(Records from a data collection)
=====

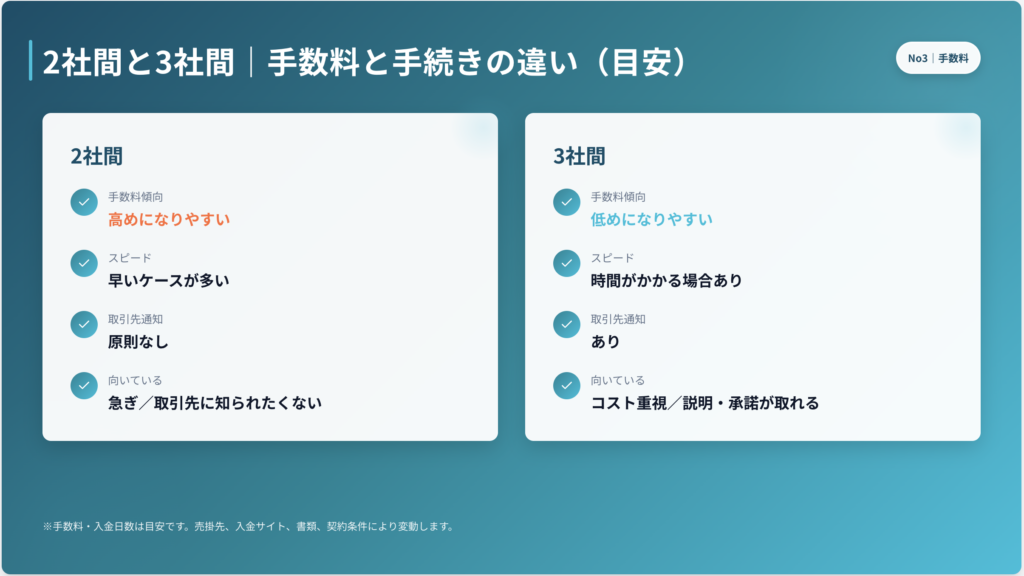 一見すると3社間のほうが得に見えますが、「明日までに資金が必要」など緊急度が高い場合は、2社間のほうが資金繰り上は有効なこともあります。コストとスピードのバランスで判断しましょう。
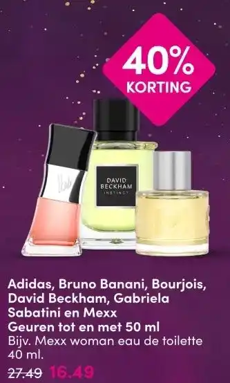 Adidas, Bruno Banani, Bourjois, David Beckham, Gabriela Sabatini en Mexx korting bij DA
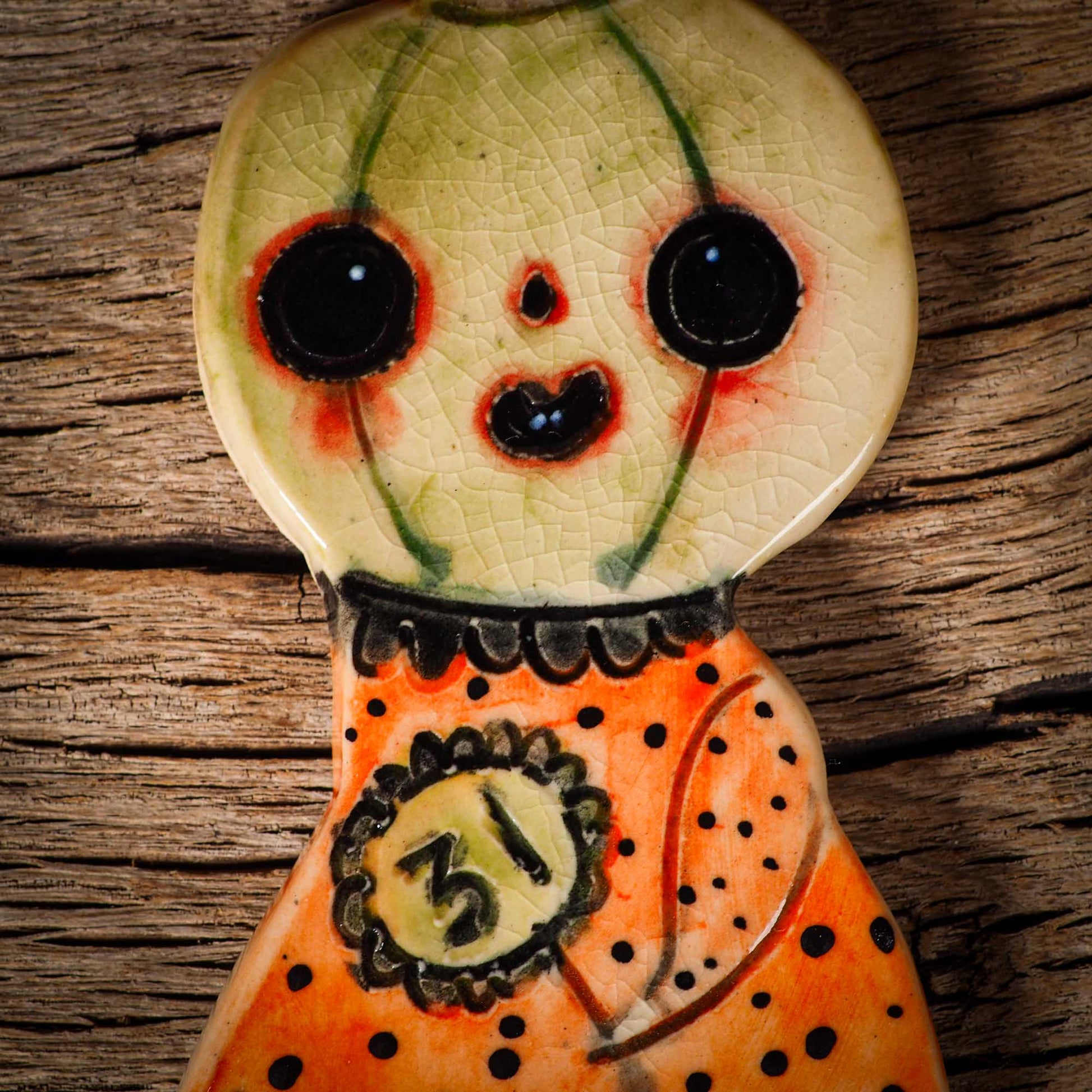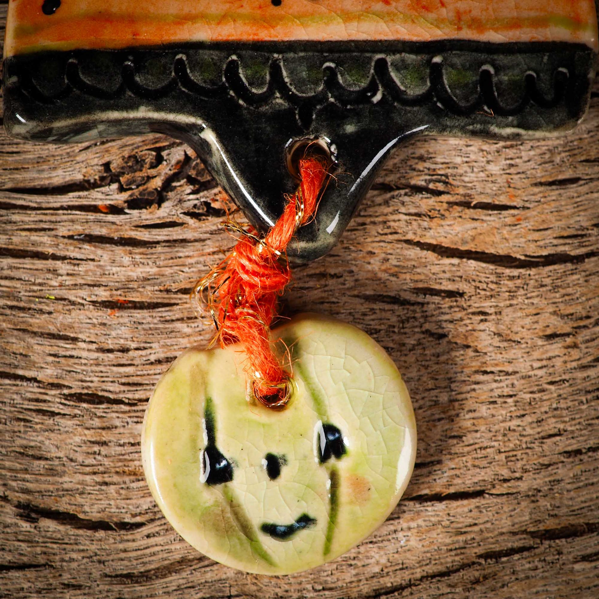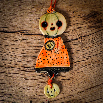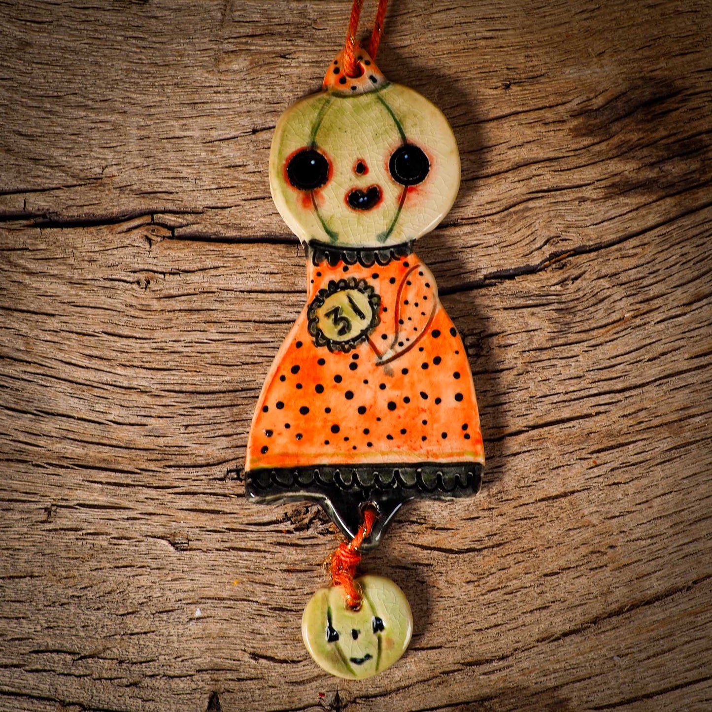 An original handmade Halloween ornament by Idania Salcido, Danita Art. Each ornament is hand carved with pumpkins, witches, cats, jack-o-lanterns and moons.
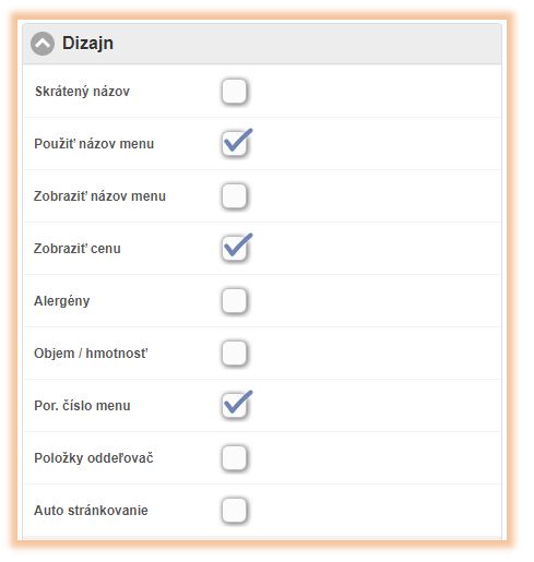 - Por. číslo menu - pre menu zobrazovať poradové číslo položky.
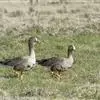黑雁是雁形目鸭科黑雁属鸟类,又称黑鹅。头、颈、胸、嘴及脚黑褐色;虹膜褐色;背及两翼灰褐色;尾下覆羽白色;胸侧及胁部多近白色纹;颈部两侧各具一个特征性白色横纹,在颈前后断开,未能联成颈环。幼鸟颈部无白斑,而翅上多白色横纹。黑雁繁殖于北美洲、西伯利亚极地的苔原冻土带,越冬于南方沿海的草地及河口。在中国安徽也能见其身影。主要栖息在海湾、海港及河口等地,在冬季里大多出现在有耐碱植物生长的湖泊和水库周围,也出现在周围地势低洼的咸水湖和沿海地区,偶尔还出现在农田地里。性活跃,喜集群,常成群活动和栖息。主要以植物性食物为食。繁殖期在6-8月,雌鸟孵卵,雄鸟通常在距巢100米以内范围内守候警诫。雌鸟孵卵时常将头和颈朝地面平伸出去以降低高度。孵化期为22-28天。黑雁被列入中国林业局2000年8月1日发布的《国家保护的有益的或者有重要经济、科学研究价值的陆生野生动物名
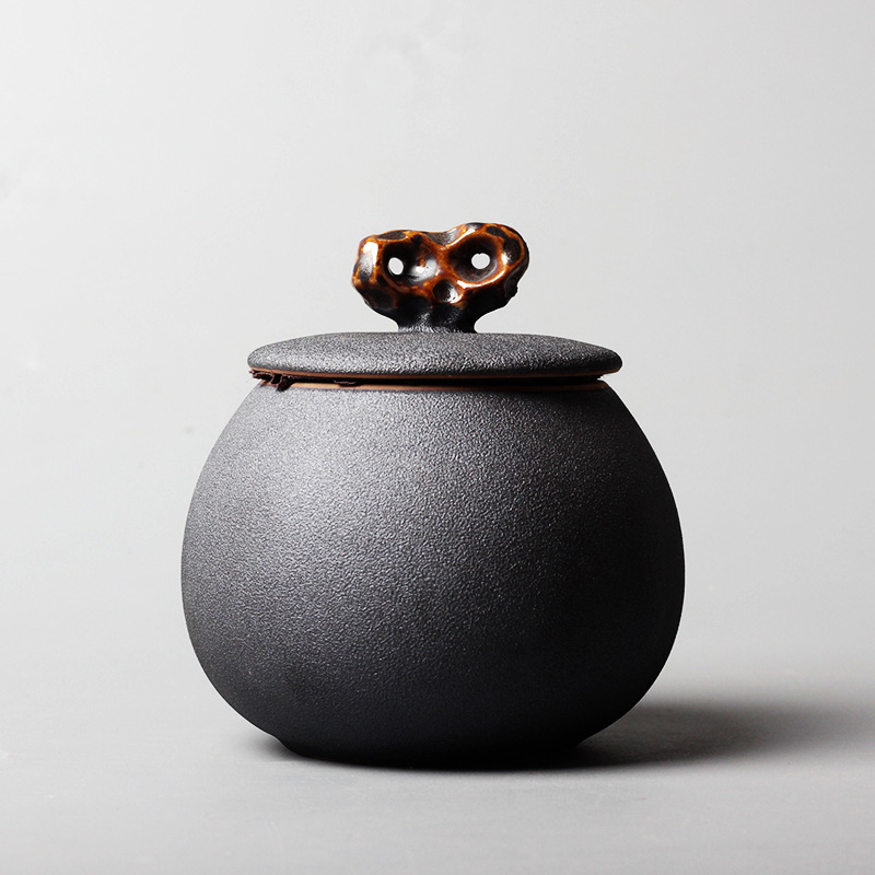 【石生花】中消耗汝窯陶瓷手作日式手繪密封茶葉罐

=====

*WHAT YOU ARE ASKED TO DO*. Your response must consist of the lines from the beginning of the data through the line containing "- Por. číslo", transcribed exactly, with no pictures.

*RESPONSE FOR THIS EXERCISE*.
 一見すると3社間のほうが得に見えますが、「明日までに資金が必要」など緊急度が高い場合は、2社間のほうが資金繰り上は有効なこともあります。コストとスピードのバランスで判断しましょう。
 Adidas, Bruno Banani, Bourjois, David Beckham, Gabriela Sabatini en Mexx korting bij DA
 An original handmade Halloween ornament by Idania Salcido, Danita Art. Each ornament is hand carved with pumpkins, witches, cats, jack-o-lanterns and moons.
 - Por. číslo menu - pre menu zobrazovať poradové číslo položky.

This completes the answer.